My last day of work is 30 March! Tahiti has been on our To Do List forever.

Cheers,

Paul


----------



## Dottie (Mar 24, 2007)

Hi
We did that on our retirement present to ourselves or I should say we tried to do it.  I think the outfit was Captain Cook.  We never did the sail and I think it speaks highly of them.  The night before we were to sail, the captain called and said he was willing to go ahead with the plan, but the seas were forcast to be very high and I had told him I have a bit of a motion problem.  He gave us our choice.  We elected to cancel the sail and fly.  We were out no money tho sorry not to have been able to do the sail.  However, we did have a wonderful trip spending 28 days at 4 islands.  Maybe the highlight was riding up to Hotel Bora Bora (I think on Riataea) when the ceiling of the lobby was still smoking after a fire the day prior.  They bumped us from a crappy garden unit to a somewhat falling apart over water bungelow.  It was fun.  This was all about 15 years ago, but I suggest being willing to go with the unexpected and having a great trip as we did.  We did stay at the Bali Hai timeshare a week.  It was somewhat doudy, but again a unique fun experience where we made some great aussie friends.

Dottie


----------



## 4smkj4 (Jan 21, 2009)

Poobah said:


> We will be at the Bali Hai, Moorea in March 2008 and were thinking of looking into a sailboat charter w/captain and cook. :whoopie:
> 
> Anyone done that recently?

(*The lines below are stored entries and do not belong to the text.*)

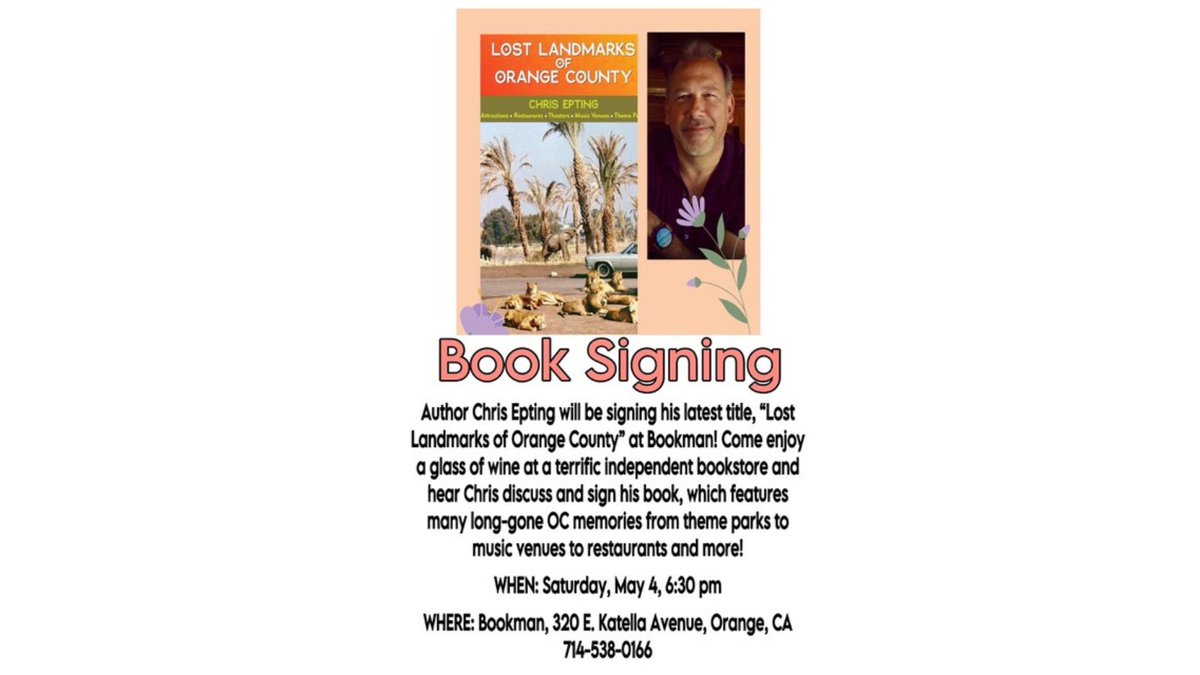 Join author @chrisepting at @bookman in Orange, CA at 6:30 on May 4, for a discussion and book signing of Lost Landmarks of Orange County! #OrangeCountyCA #californiahistory #booktalk #booksigning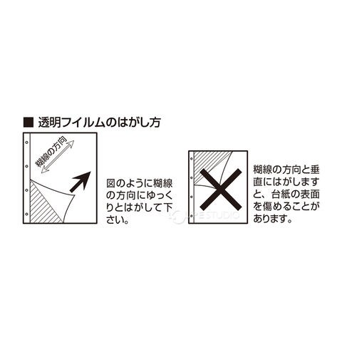 - フリー台紙は写真等をいったん貼ると台紙からはがれなくなっていることがあり、無理にはがそうとすると写真を破損する事があります。その場合はドライヤーで写真の表面を全体に約3分ほど暖めた後、冷風で冷ましてから端の方よりゆっくりとはがして下さい。はがしやすくなります。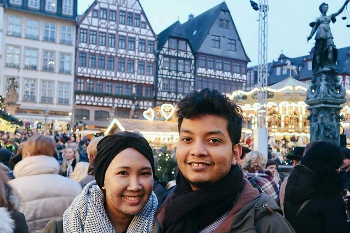 TERSELAMAT DEK KELETIHAN: Pasangan Cik Nurulhuda Syed Mahmood Albukhari dan suaminya, Encik Fairoz Leonard Wilfred D'Cruz, bersyukur tidak ke pasar Krismas Berlin kerana keletihan. Ini merupakan gambar mereka di pasar Krismas di Frankfurt beberapa hari sebelum kejadian rempuhan lori di Berlin. - Foto ihsan NURULHUDA SYED MAHMOOD ALBUKHARI -
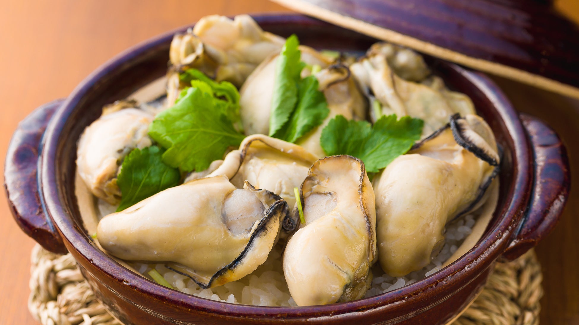 さらに牡蠣は亜鉛・鉄などのミネラルや、ビタミンB1・B2・B12などのビタミン類、タウリンなどのアミノ酸、グリコーゲンなど魚介類の中でも栄養豊富な食材で、免疫力の低下しがちな秋の時期にぴったりの食材です。多くの水溶性の栄養素は茹でや、しゃぶしゃぶのような調理法では損なわれがちですが、土鍋ご飯にはそのような心配も無用です。油も使用していないためカロリーも控えめで、美味しいものを食べたいけど栄養バランスも気になる女性には一押しです。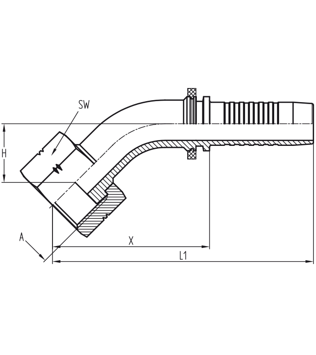 Forma di tenuta ORFS, con ghiera, curva a 45°, filettatura UN/UNF/UNS
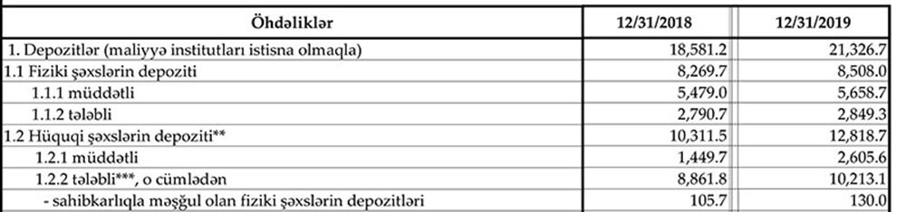 Ötən il sahibkarlıqla məşğul olan fiziki şəxslərin depozitləri isə 24.3 milyon manat artaraq 130 milyon manata yüksəlib.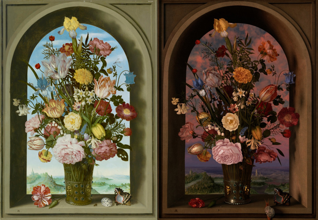 The Frick’s new exhibition “Vermeer, Rembrandt, and Hals: Masterpieces of Dutch Painting from the Mauritshuis” features an enlivened version of Ambrosius Bosschaert’s Vase with Flowers in a Window.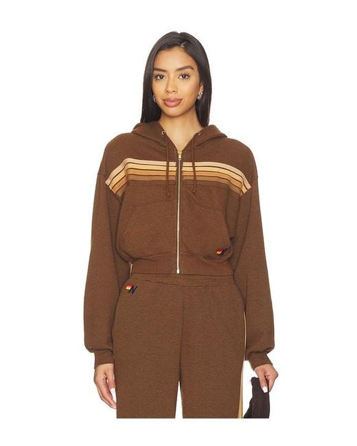 Aviator Nation 5 Stripe Cropped Zip Hoodie in Brown. Size L. Also in M, S, XL/1X, XS. Aviator Nation 5 Stripe Cropped Zip Hoodie in Brown. Size M, S, XL/1X, XS. 50% Polyester 38% Cotton 12% Rayon. Made in the US. Machine wash cold. Front zipper closure. Soft knit. ANAT-WK129. HDCRXRS5. Who doesn't have an obsession with vintage clothing? Paige Mycoskie, creator of Aviator Nation sure does. That's why she began studying the art of authentic vintage clothing and starting creating her own line of tee's, sweatshirts and hats to give the world that well worn feeling of so long ago.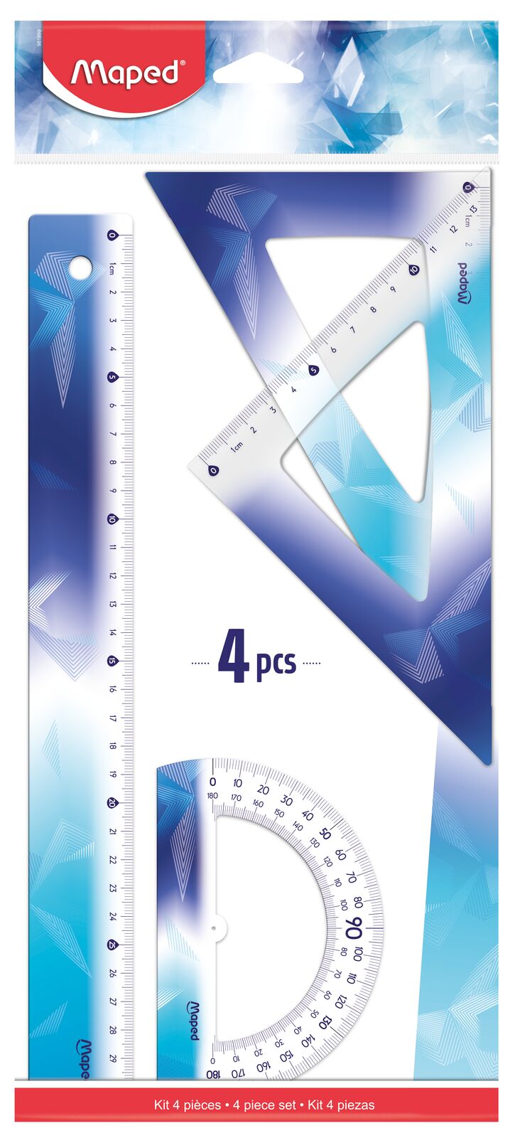 Kit de traçage et géométrie 4 pièces Arctic (règle 30 cm, équerres, rapporteur)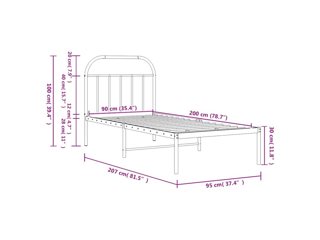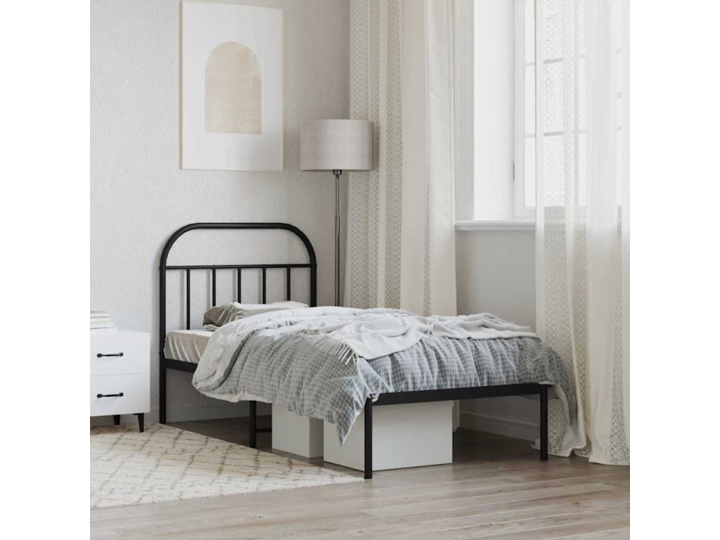 Kovový rám postele s čelem černý 90 x 200 cm 353628

Recomendations?
> 
> ...


I highly recommend a week cruise on the Paul Gauguin. Outstanding service, food, accomodations, all inclusive and plenty to do. You don't feel like your on a cattle boat. The crew/passenger ratio is close to 1/1.
Sailing is great if you know you like it but its not everyones cup of tea. And its hard to know if you are going to have a GOOD Captain.  We were on the new year cruise 06-07. Dave


----------